I know at one point, I saw at least a room full of Alice Neel paintings, but I can’t remember exactly where. And I can’t seem to line up my memory with any of the Alice Neel shows over the last 20 or so years. The closest is the show at the Houston Museum of Fine Arts March to June 2010, but it looks like the first time I set foot in Houston was later that year.
And it’s often the case that I don’t always appreciate what I am looking at while I am seeing it. It takes some living, learning, and looking back. Such is the case for Neel, whose animated portraits were out of sync with the art movements of her time.
Continuing with my intention to read mostly art books for four years beginning in 2025, Neel entered my radar after seeing a copy of one of the books about her in the $1 bin at Belmont Books in Portland. As fate would have it, I didn’t have $1 and didn’t want to charge that small amount, so I passed it up. After returning later to look for it or another book, I ended up ordering the 2010 book Alice Neel, The Art of Not Sitting Pretty by Phoebe Hoban.
Through reading this engaging volume, Alice Neel, the complicated person behind the strange portraits, came to life.

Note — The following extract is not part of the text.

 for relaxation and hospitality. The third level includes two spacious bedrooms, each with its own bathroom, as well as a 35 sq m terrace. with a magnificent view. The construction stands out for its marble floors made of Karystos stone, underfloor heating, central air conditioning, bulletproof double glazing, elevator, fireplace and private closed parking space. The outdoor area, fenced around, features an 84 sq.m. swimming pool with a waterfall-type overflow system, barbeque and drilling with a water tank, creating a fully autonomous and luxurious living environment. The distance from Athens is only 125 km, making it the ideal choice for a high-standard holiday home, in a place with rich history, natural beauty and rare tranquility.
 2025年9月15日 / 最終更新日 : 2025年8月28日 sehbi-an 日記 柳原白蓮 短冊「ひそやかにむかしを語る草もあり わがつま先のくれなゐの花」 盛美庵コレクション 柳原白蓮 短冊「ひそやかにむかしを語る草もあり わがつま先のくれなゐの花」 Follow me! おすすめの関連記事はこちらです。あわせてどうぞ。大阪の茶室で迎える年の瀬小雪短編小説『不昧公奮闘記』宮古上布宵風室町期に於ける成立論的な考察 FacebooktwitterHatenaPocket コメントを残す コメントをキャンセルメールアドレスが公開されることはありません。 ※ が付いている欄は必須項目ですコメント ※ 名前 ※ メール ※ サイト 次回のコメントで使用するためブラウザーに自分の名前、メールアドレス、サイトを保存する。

Widely known as a communist and a feminist in addition to a great artist, the book chronicles her own struggles as a woman and a mother and makes her failings in marriage and parenting apparent. To say that she put her art first would not be entirely accurate, as it seems painting may have been the only thing that really mattered. Alice Neel was a person who had to paint.
The book also puts Alice Neel into context with the artists she interacted with, including fellow figurative painter Philip Pearlstein and Chuck Close, whom she told point-blank that she didn’t like his work. After hearing Close was a fan of hers, however, she committed to a closer look.
After finding success late in life, Alice, it seems, felt vindicatedfor committing her life to painting rather than motherhood. As the encounter with Chuck Close reveals, she also had a vivid, engaging personality that contrasts with her bouts of depression. Although she was natural in front of a camera on the Late Show with Johnny Carson or giving a two-hour slide lecture at a museum, Alice battled her demons. One published interview goes as follows:
How would you describe yourself?
I am a morbid person.
Do you ever participate in unrequited love?
No, I ruined more men’s illusions than anyone living.
Have you ever been fascinated with death?
All my life I have wanted to commit suicide and I never look out a window without wanting to jump.
What were you thinking moments before you attempted suicide in 1930?
I heard voices. I thought I heard my parents talking. I was at the point of a nervous breakdown. I thought I had gone mad.
What is the most reckless thing you do?
My paintings.
Perhaps most interesting is how the book shows Neel’s work as a continuation of an American tradition. Like Robert Henri (and Thomas Eakins before him), she captures the essence of the human sitting on the chair in front of her.
It took me far too long to come to better appreciate Alice Neel and her work.
I look forward to reading this author’s books on Lucian Freud and Jean-Michel Basquiat.